[Source records]
+ + + +

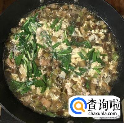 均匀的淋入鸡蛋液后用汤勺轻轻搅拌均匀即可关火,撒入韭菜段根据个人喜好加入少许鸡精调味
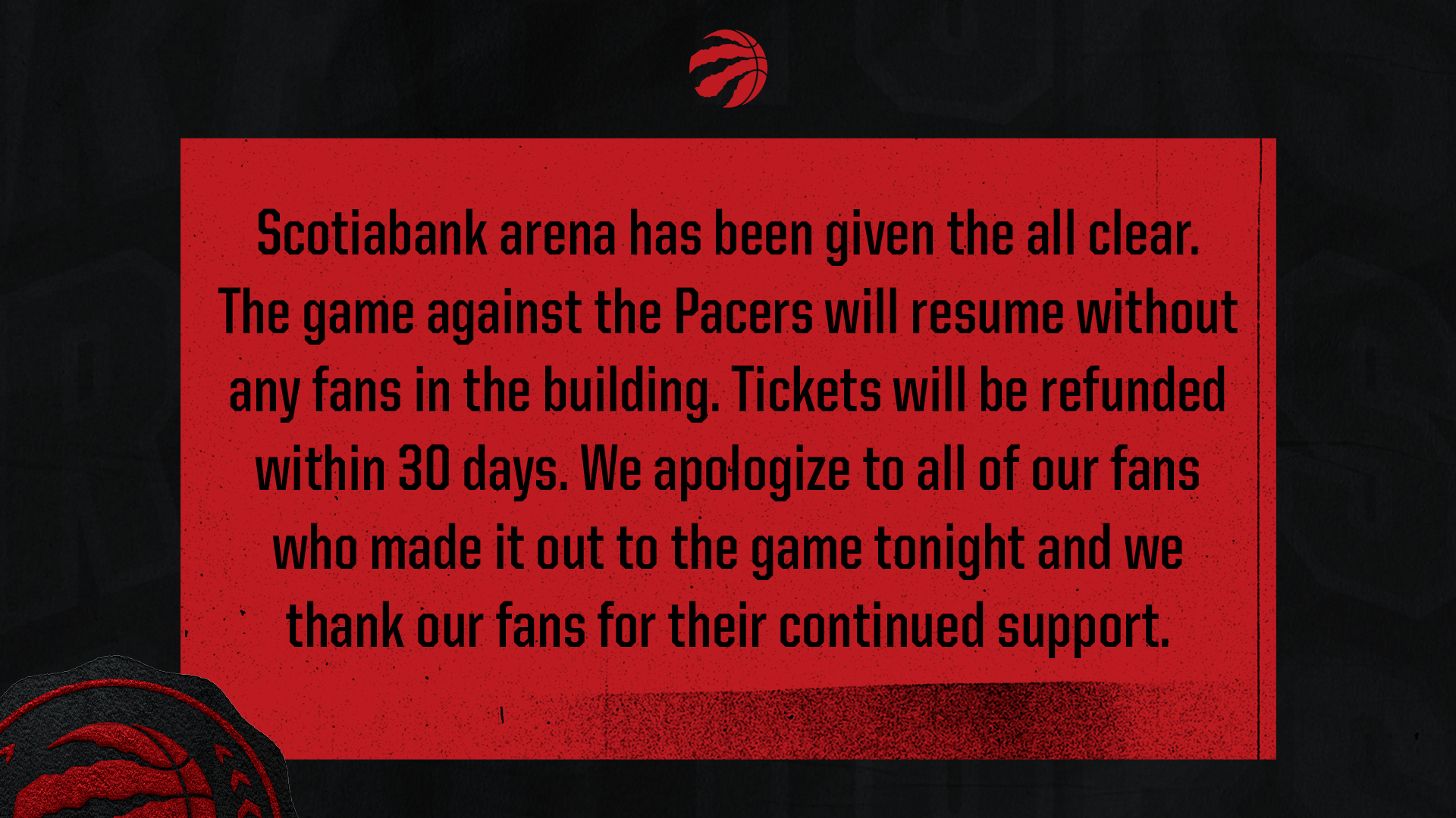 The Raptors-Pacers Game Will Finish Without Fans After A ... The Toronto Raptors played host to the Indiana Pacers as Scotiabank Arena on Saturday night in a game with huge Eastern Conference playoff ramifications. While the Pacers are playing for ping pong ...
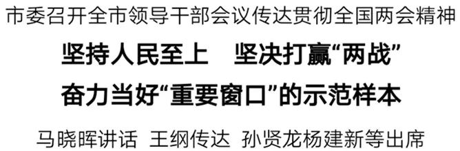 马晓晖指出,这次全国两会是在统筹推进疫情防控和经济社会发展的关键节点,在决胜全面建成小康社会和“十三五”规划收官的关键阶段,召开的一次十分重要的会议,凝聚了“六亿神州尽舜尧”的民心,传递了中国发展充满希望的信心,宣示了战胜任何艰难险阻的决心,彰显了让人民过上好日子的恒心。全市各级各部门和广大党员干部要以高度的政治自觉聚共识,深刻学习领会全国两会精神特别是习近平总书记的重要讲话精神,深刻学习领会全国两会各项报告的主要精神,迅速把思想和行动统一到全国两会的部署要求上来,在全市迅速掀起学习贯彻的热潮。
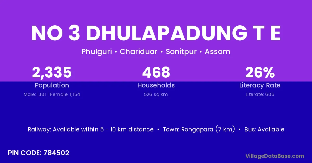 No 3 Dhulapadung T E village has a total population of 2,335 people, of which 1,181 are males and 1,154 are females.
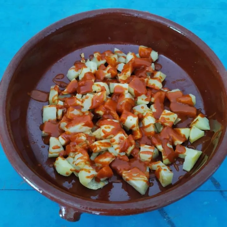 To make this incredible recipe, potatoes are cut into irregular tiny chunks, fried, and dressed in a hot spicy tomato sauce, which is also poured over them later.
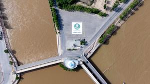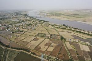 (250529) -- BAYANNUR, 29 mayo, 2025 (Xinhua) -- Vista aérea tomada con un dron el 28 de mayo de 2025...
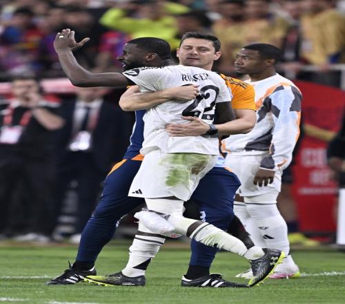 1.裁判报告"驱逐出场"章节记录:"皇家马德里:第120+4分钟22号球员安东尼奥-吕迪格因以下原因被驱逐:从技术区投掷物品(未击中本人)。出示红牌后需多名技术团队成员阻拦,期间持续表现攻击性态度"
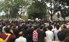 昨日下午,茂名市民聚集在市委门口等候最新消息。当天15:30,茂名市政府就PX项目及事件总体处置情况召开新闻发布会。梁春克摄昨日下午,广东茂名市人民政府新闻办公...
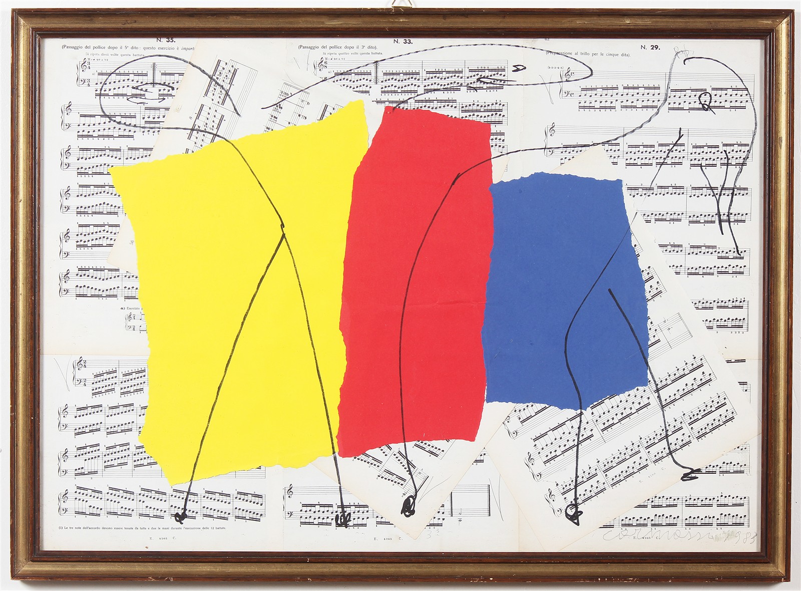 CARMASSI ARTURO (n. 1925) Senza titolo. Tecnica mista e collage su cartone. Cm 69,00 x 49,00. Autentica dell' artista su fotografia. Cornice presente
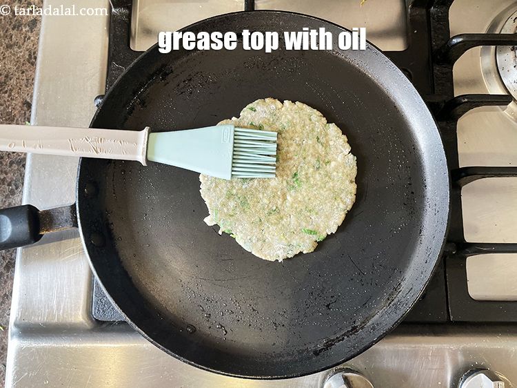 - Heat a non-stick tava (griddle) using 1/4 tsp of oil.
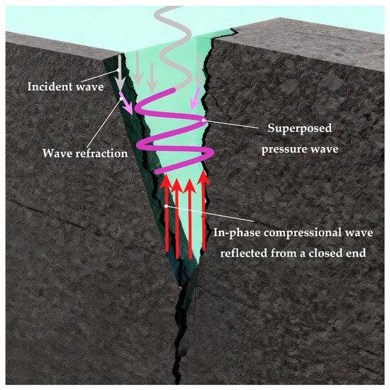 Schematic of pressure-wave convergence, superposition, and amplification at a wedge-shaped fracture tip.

+ + + +

- _Your instructions_: Repeat the lines exactly, starting with the line that contains "(250529) -- BAYANNUR, 29" and ending with the last line of the entries. Keep both of those lines but no pictures.

- _Task output_:
 (250529) -- BAYANNUR, 29 mayo, 2025 (Xinhua) -- Vista aérea tomada con un dron el 28 de mayo de 2025...
 1.裁判报告"驱逐出场"章节记录:"皇家马德里:第120+4分钟22号球员安东尼奥-吕迪格因以下原因被驱逐:从技术区投掷物品(未击中本人)。出示红牌后需多名技术团队成员阻拦,期间持续表现攻击性态度"
 昨日下午,茂名市民聚集在市委门口等候最新消息。当天15:30,茂名市政府就PX项目及事件总体处置情况召开新闻发布会。梁春克摄昨日下午,广东茂名市人民政府新闻办公...
 CARMASSI ARTURO (n. 1925) Senza titolo. Tecnica mista e collage su cartone. Cm 69,00 x 49,00. Autentica dell' artista su fotografia. Cornice presente
 - Heat a non-stick tava (griddle) using 1/4 tsp of oil.
 Schematic of pressure-wave convergence, superposition, and amplification at a wedge-shaped fracture tip.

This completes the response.